The prevailing view in cognitive and behavioural neuroscience is that the brain is composed of a number of different modules, each of which is responsible for a different cognitive function, including different types of memory. For example it is thought that the medial temporal lobe (MTL) includes several structures—the hippocampus, and the adjacent perirhinal, entorhinal and parahippocampal cortices—that have been associated with memory for at least the last fifty years. These components of the putative “MTL memory system” are thought to operate together in the service of declarative memory -- memory for facts and events – having little role in other functions such as perception. Object perception, on the other hand, is thought to be independent of the MTL, and instead is usually considered to be the domain of the ventral visual stream (VVS) or “what” pathway.

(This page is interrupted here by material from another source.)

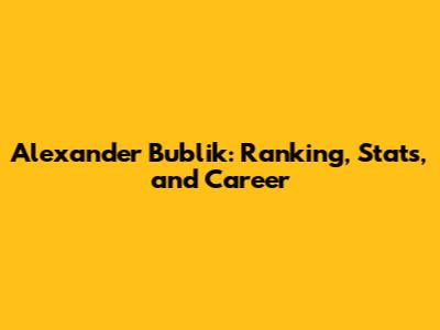 Alexander Bublik: Ranking, Stats, And Career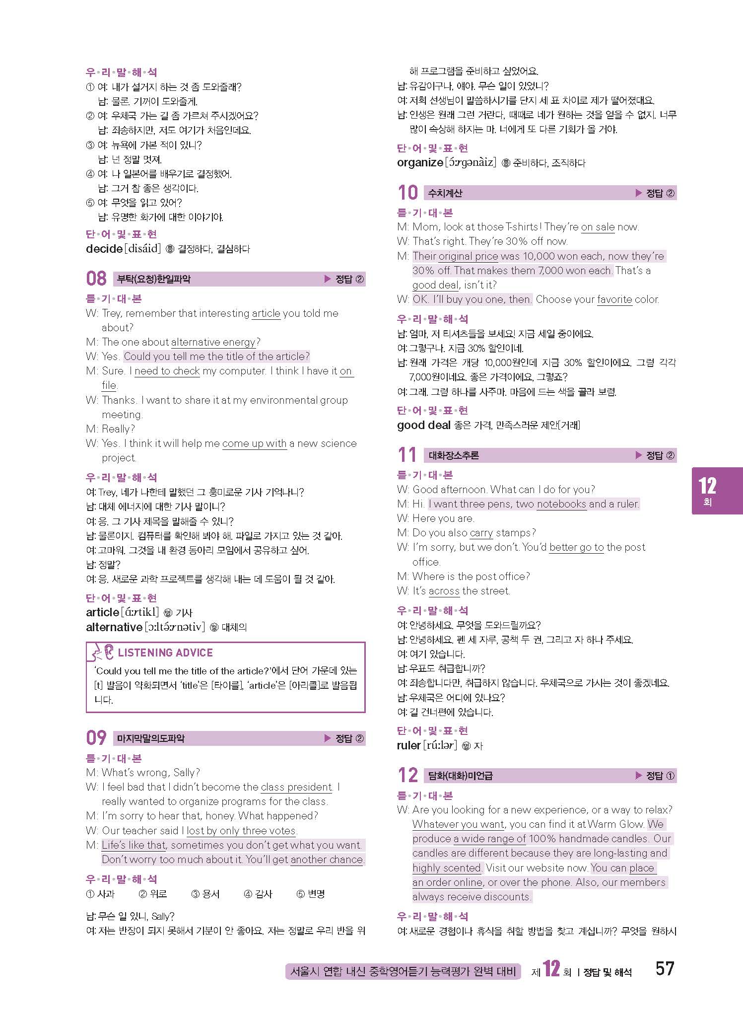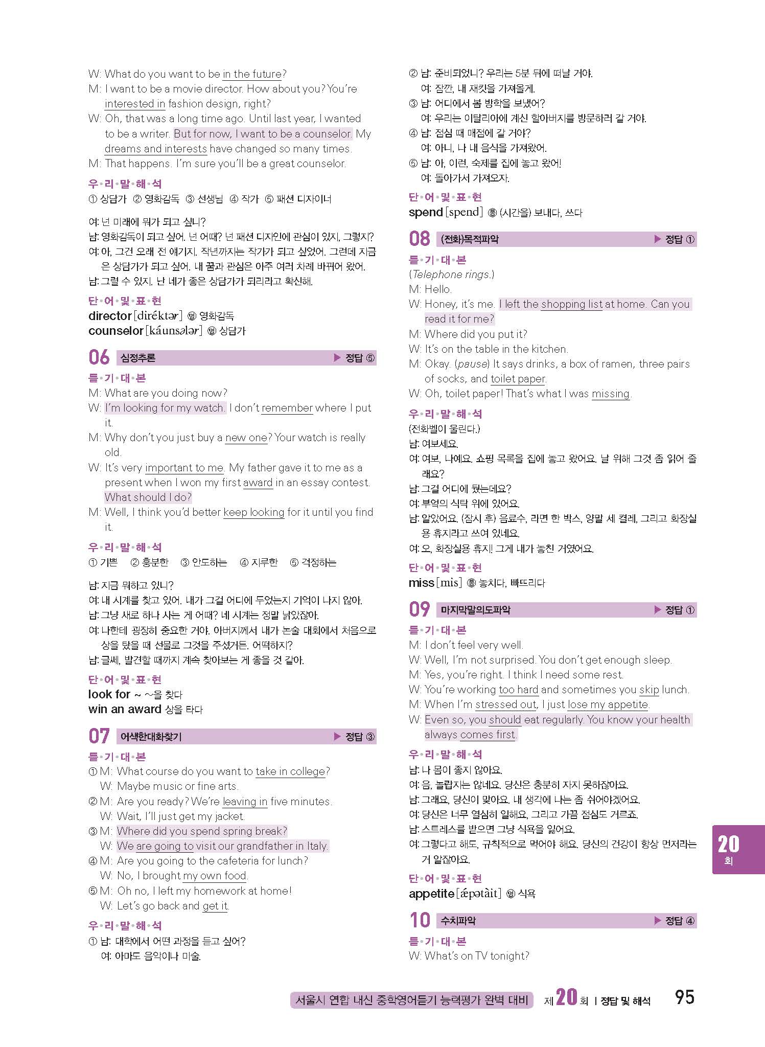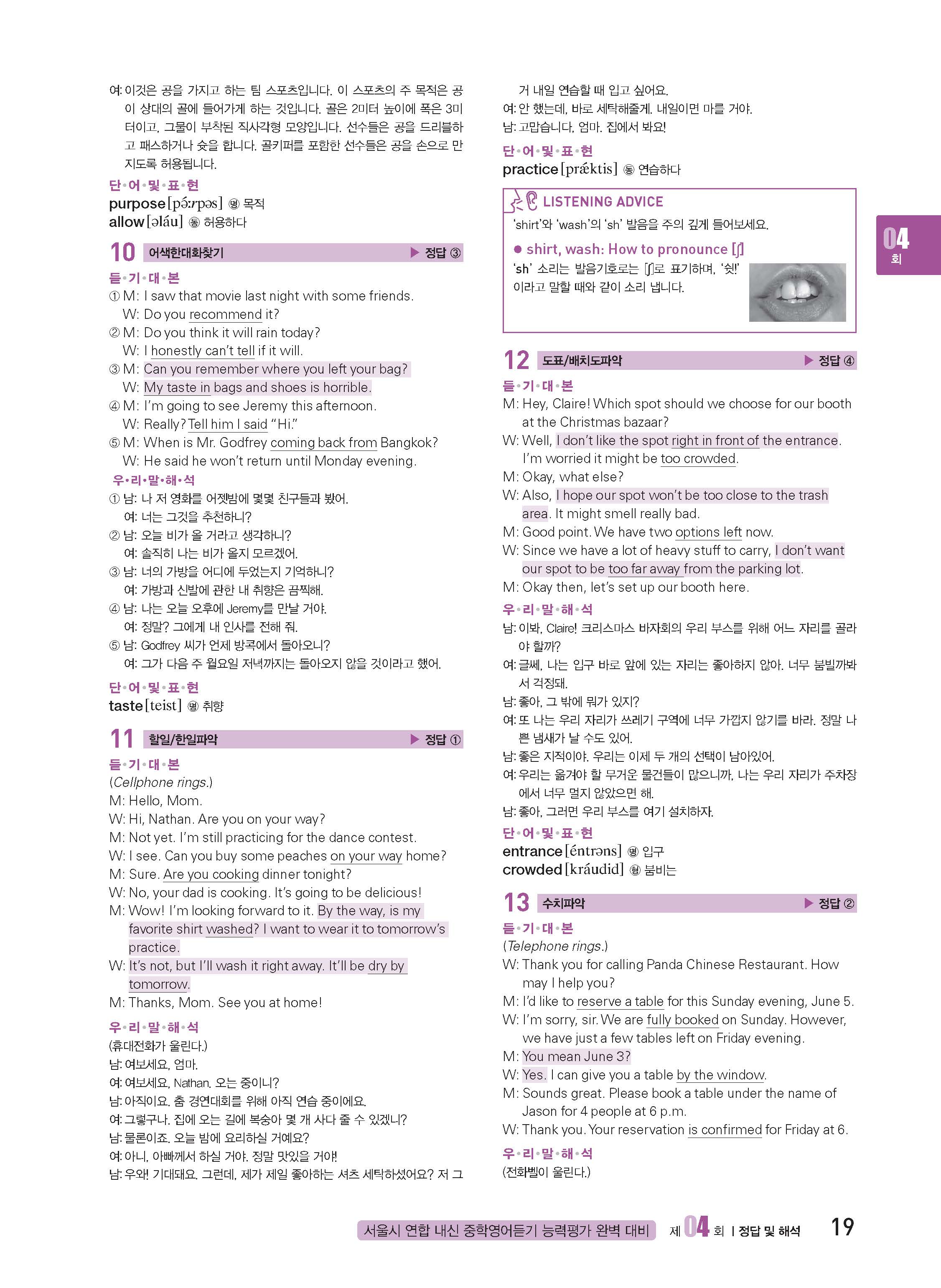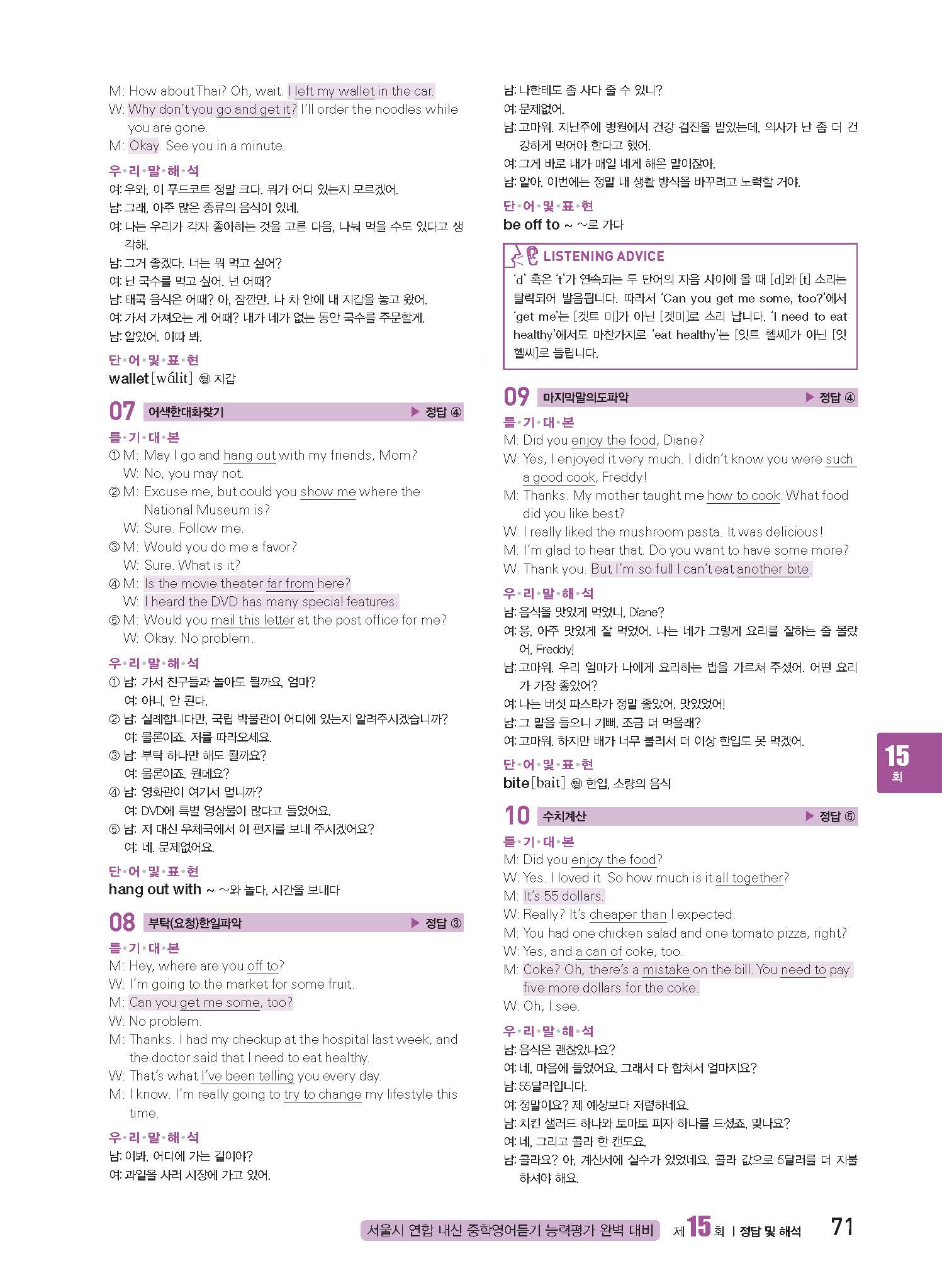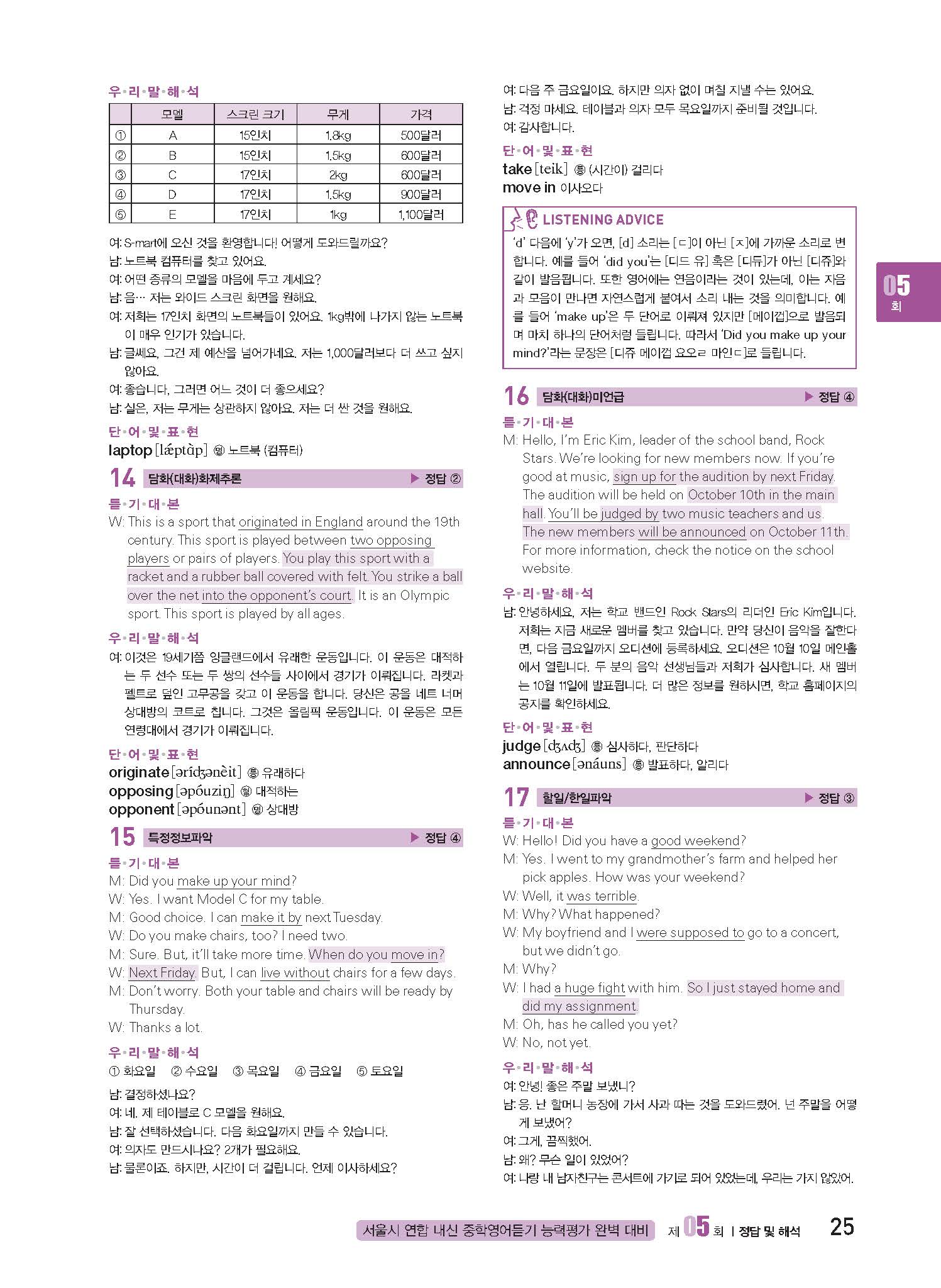 2021 100% 실전대비 MP3 중학영어듣기 24회 모의고사 3학년 답지 사진답지 빠른답지 모바일최적화

An increasingly validated view, however, suggests that the brain may more usefully be thought of as being organised, not in terms of modules which mediate different high-level functions such as memory, perception, and so forth, but in terms of the representations which these regions support, organised in a hierarchical system of increasing complexity. According to this view, a given representation – and thus brain region -- could be useful for myriad different functions. In my talk I will describe this view and how it explains phenomena following brain injury, including ‘false recognition’ and alterations in pattern separation.